Vier Punkte aus fünf Spielen, acht Punkte Rückstand schon auf Fürth, den nächsten Gegner am kommenden Freitag: Der VfL steht noch schlechter da als im Vorjahr. Bochum ist vorerst Dreizehnter, im ungünstigsten Fall droht nach den Sonntags- und Montagsspielen sogar der Absturz auf Platz sechszehn. Au weia, VfL.

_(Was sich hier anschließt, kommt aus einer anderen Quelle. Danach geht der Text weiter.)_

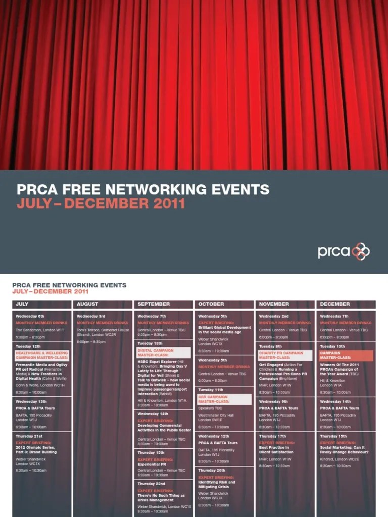 PRCA's FREE Events Calendar July December 2011 PDF London Business

"Der Saisonstart ist in die Hose gegangen", sagte Sportvorstand Jens Todt nach dem Spiel. Enttäuscht, aber gefasst. "Wir haben keine gute Leistung gezeigt, für unsere Ansprüche ist das zu wenig", so Todt. Trainer Friedhelm Funkel war nach der Partie ob des Ergebnisses angefressen. Auf den Vorwurf, seine Mannschaft habe gegen die giftigeren, beherzteren Berliner zu wenig dagegen gehalten, reagierte er ungewohnt barsch: "Das stimmt nicht, da nehme ich meine Mannschaft in Schutz. Wir waren genauso aggressiv und haben alles versucht."

Davon war allerdings in den 90 Minuten selten, viel zu selten etwas zu sehen.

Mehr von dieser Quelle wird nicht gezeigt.